=== Begin Enclosure ===

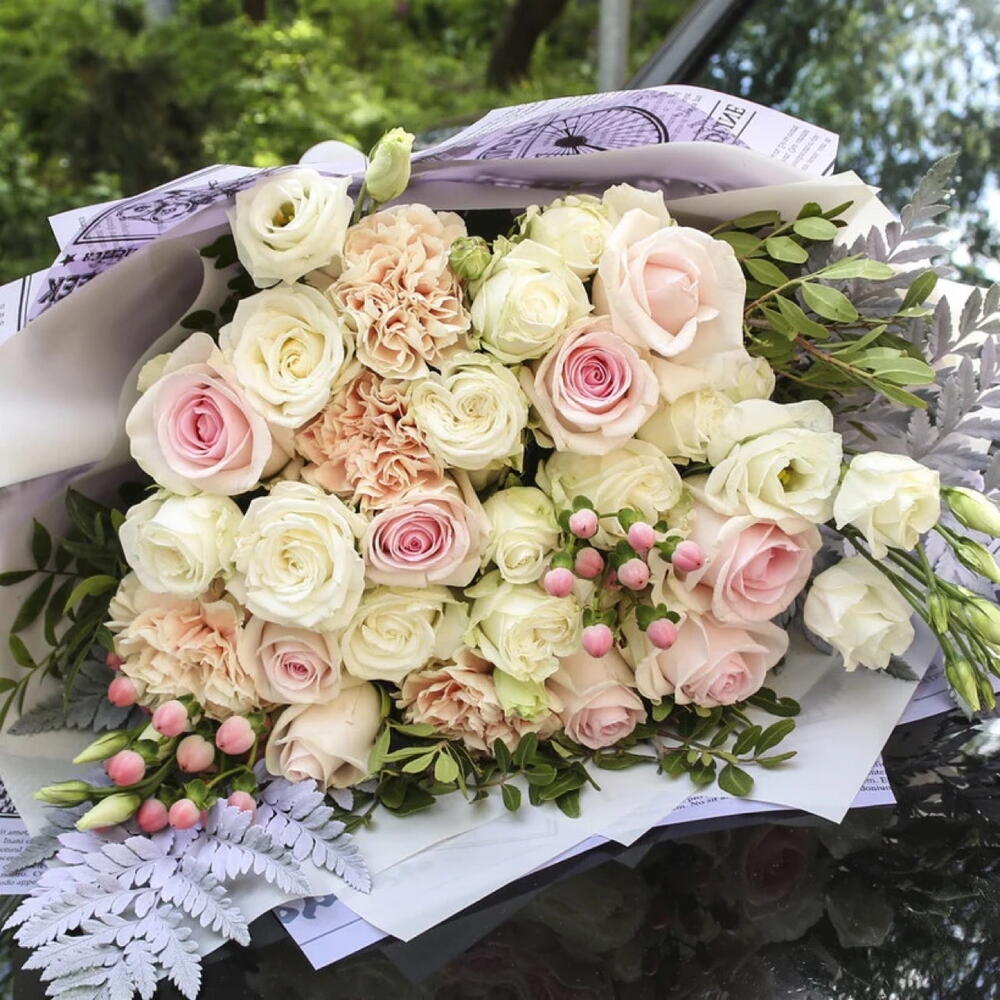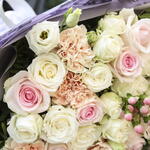 White rose - 10 pcs Pistachio - 5 pcs carnation - 4 pcs white eustoma - 2 pcs pink rose stems - 7 pcs pink hyprecium - 2 pcs
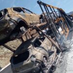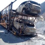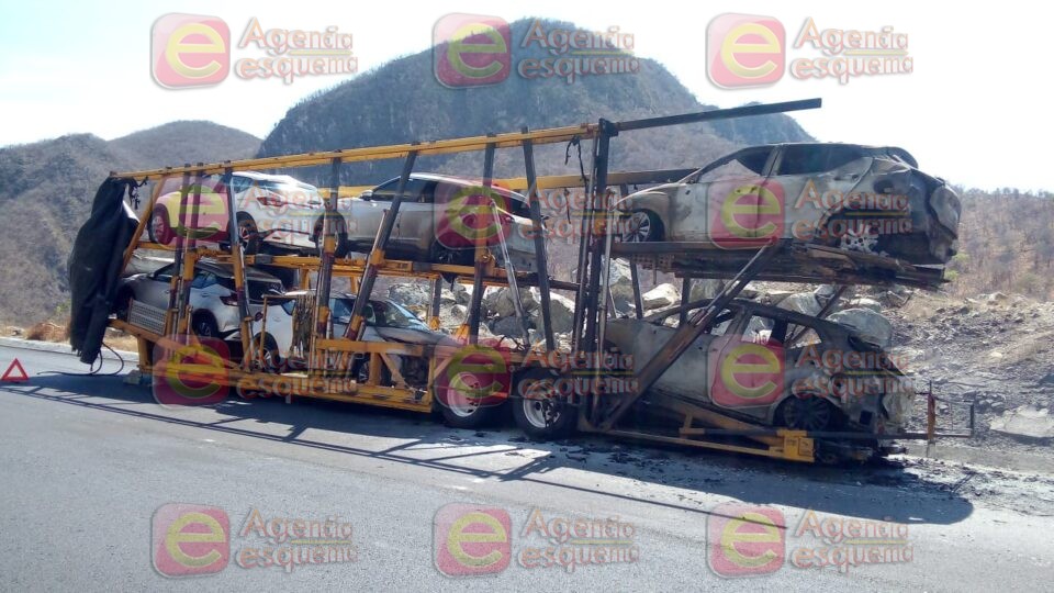 Lázaro Cárdenas, Michoacán.-27 de marzo del 2023.- Una Nodriza y al menos ocho vehículos que transportaba sobre la autopista Lázaro Cárdenas-Morelia, quedaron reducidos a cenizas cuando al parecer un corto circuito ocasionó el siniestro.
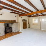 Archers Cottage is accessed via a front gate, opening into an enclosed front courtyard. The front door leads into a well-proportioned open-plan living and dining area, featuring exposed wooden beams and a character fireplace as focal points.
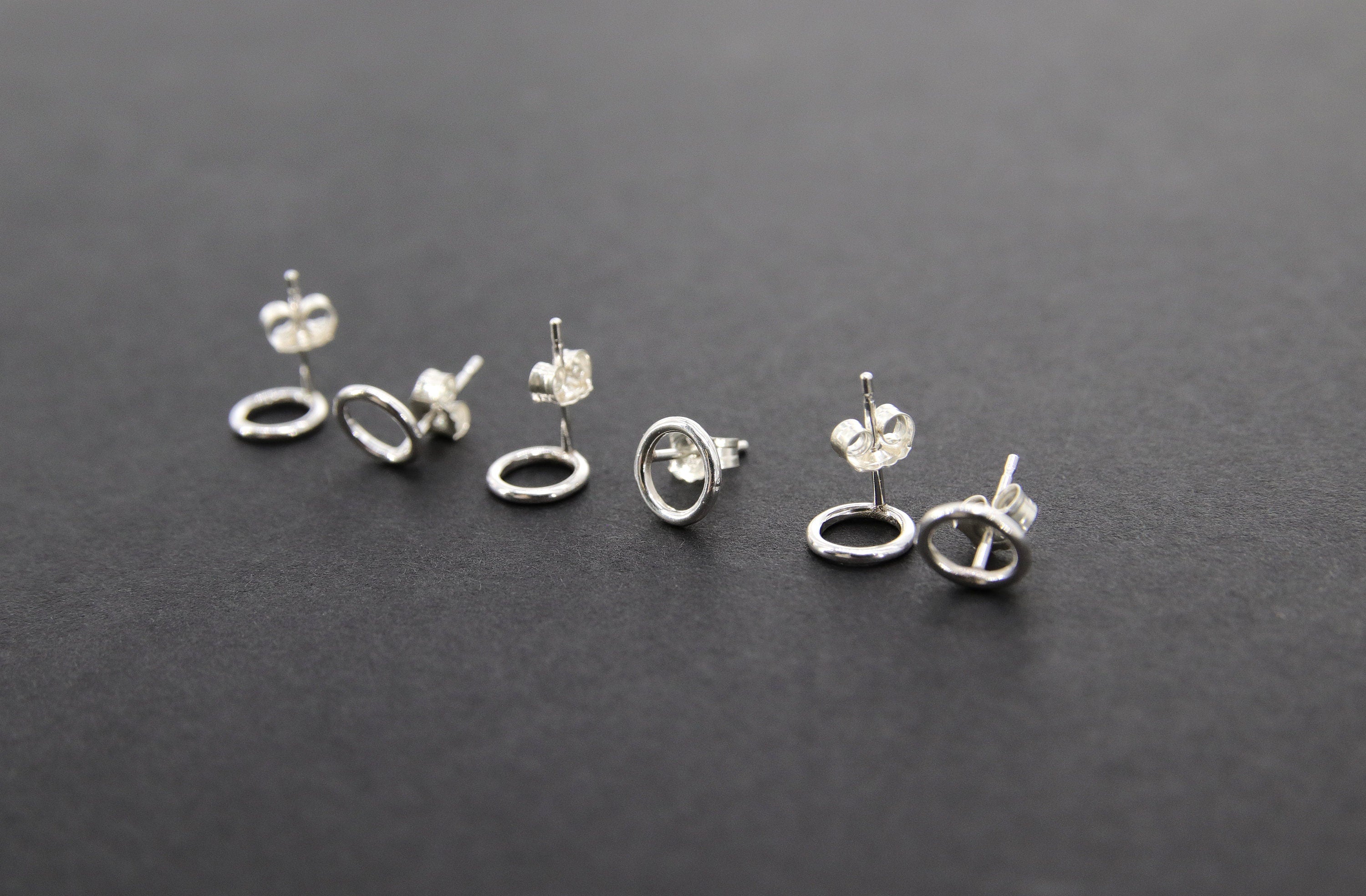 925 Sterling Silver Open Circle Stud Earrings, AG #853, 7mm Ear Posts With Backs
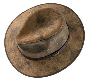 Typical and sophisticated Traveller 100% made of pig leather which has been then aged. The crown and the edge have been through a hardening process in order to strengthen the headdress. Soft with a velvet effect, its simple design is not to the detriment of its efficiency and of its characteristic relaxation. The creation is enhanced by a leather braid and features lateral eyelets for more breathability.
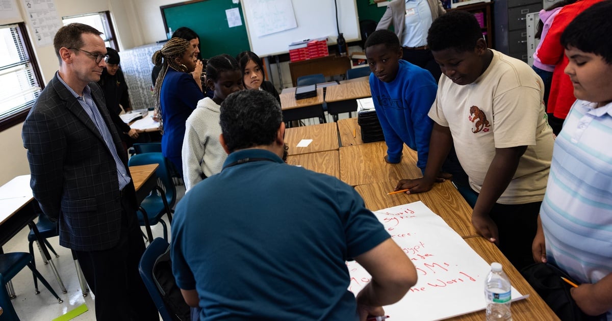 Texas Education Commissioner Mike Morath watches a group of seventh graders read a poem in Fort Worth ISD’s William James Middle School on Aug. 28, 2025.
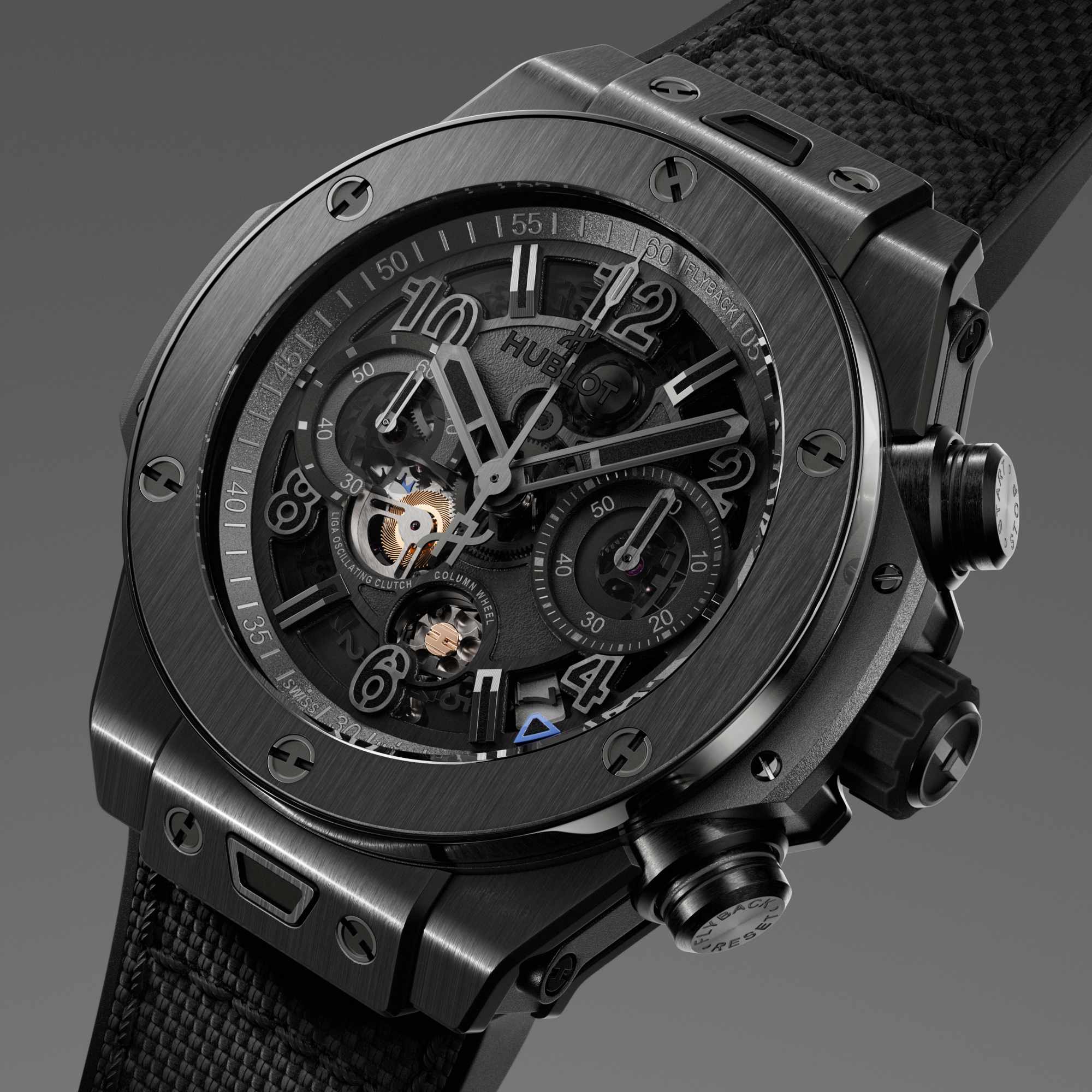 Die Big Bang Reloaded bleibt ihrem ikonischen Design treu und präsentiert sich gleichzeitig mit einem markanteren, sportlicheren Charakter. Das 44-mm-Gehäuse besticht durch eine ausdrucksstärkere Architektur mit einer zweiteiligen Lünette, die prägnantere Kontraste schafft und ein dynamisches Zusammenspiel von Materialien und Veredelungen ermöglicht. Das Zifferblatt mit mehreren Ebenen spielt mit Texturen und Oberflächen, was ihm zusätzliche Tiefe und einen technischen Touch verleiht. Der Chronograph wird zum markanten Highlight, mit einem farbigen Ring am Drücker bei 4 Uhr, einem neu gestalteten Minutenzähler bei 3 Uhr, dem Schriftzug „Flyback“ sowie dem zwischen 4 und 5 Uhr neu positionierten Datumsfenster.
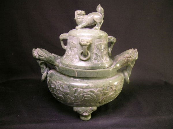 CHINESE HARDSTONE SERPENTINE JADE CENSOR W/ COVER
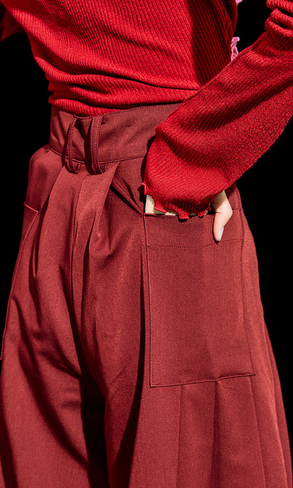 ワイド プリーツ パンツ(バーガンディ)
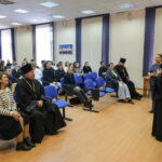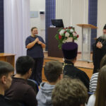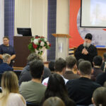 После разговора на основную тему, правящий архиерей обсудил со студентами волнующие их вопросы, например касательно Таинства Венчания и проблемы развода, современные перипетии с Константинопольской Церковью, о необходимости молиться святым, роль крёстных для человека и церковный быт.

=== End Enclosure ===

* TASK TO COMPLETE: Of the records above, print only the lines from the one containing "925 Sterling Silver" through the one containing "ワイド プリーツ パンツ(バーガンディ)", inclusive and unaltered, leaving out pictures.

* EXERCISE RESPONSE:
 925 Sterling Silver Open Circle Stud Earrings, AG #853, 7mm Ear Posts With Backs
 Typical and sophisticated Traveller 100% made of pig leather which has been then aged. The crown and the edge have been through a hardening process in order to strengthen the headdress. Soft with a velvet effect, its simple design is not to the detriment of its efficiency and of its characteristic relaxation. The creation is enhanced by a leather braid and features lateral eyelets for more breathability.
 Texas Education Commissioner Mike Morath watches a group of seventh graders read a poem in Fort Worth ISD’s William James Middle School on Aug. 28, 2025.
 Die Big Bang Reloaded bleibt ihrem ikonischen Design treu und präsentiert sich gleichzeitig mit einem markanteren, sportlicheren Charakter. Das 44-mm-Gehäuse besticht durch eine ausdrucksstärkere Architektur mit einer zweiteiligen Lünette, die prägnantere Kontraste schafft und ein dynamisches Zusammenspiel von Materialien und Veredelungen ermöglicht. Das Zifferblatt mit mehreren Ebenen spielt mit Texturen und Oberflächen, was ihm zusätzliche Tiefe und einen technischen Touch verleiht. Der Chronograph wird zum markanten Highlight, mit einem farbigen Ring am Drücker bei 4 Uhr, einem neu gestalteten Minutenzähler bei 3 Uhr, dem Schriftzug „Flyback“ sowie dem zwischen 4 und 5 Uhr neu positionierten Datumsfenster.
 CHINESE HARDSTONE SERPENTINE JADE CENSOR W/ COVER
 ワイド プリーツ パンツ(バーガンディ)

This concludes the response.